Exercise instructions =>
In the listing that follows, find the line with "cite this data", then copy exactly from it through the line with "WASHINGTON, April 17", leaving out every picture.

Records for the task =>

++++++++++

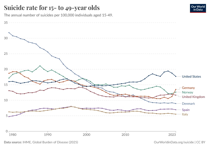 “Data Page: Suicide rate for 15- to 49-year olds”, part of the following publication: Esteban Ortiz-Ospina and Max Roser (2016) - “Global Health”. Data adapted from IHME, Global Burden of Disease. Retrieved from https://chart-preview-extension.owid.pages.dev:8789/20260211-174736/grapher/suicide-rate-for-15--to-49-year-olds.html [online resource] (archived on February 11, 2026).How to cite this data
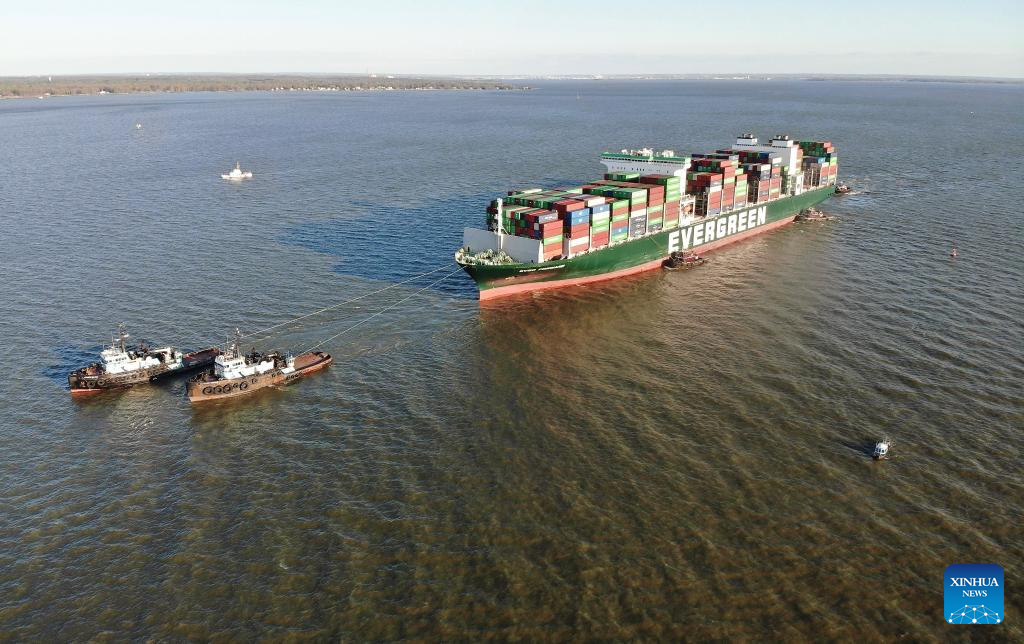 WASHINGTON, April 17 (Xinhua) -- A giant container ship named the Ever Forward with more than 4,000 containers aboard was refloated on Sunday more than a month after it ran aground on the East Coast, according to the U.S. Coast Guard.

++++++++++

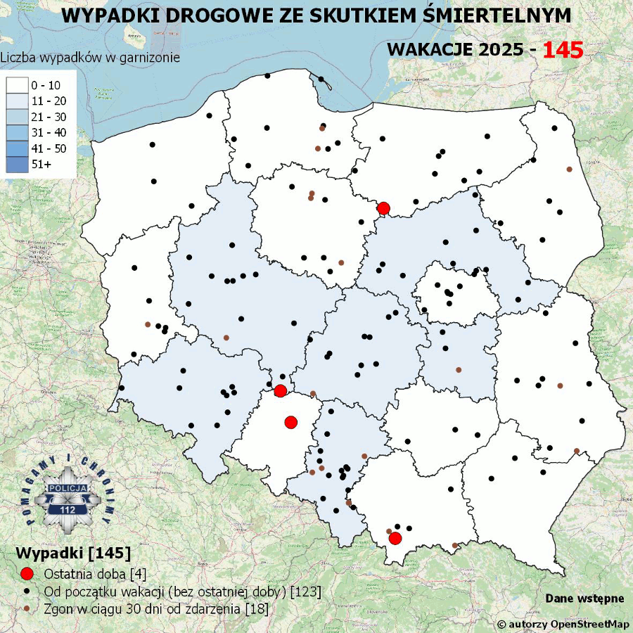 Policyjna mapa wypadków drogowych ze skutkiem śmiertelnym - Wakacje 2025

++++++++++

Task answer =>
 “Data Page: Suicide rate for 15- to 49-year olds”, part of the following publication: Esteban Ortiz-Ospina and Max Roser (2016) - “Global Health”. Data adapted from IHME, Global Burden of Disease. Retrieved from https://chart-preview-extension.owid.pages.dev:8789/20260211-174736/grapher/suicide-rate-for-15--to-49-year-olds.html [online resource] (archived on February 11, 2026).How to cite this data
 WASHINGTON, April 17 (Xinhua) -- A giant container ship named the Ever Forward with more than 4,000 containers aboard was refloated on Sunday more than a month after it ran aground on the East Coast, according to the U.S. Coast Guard.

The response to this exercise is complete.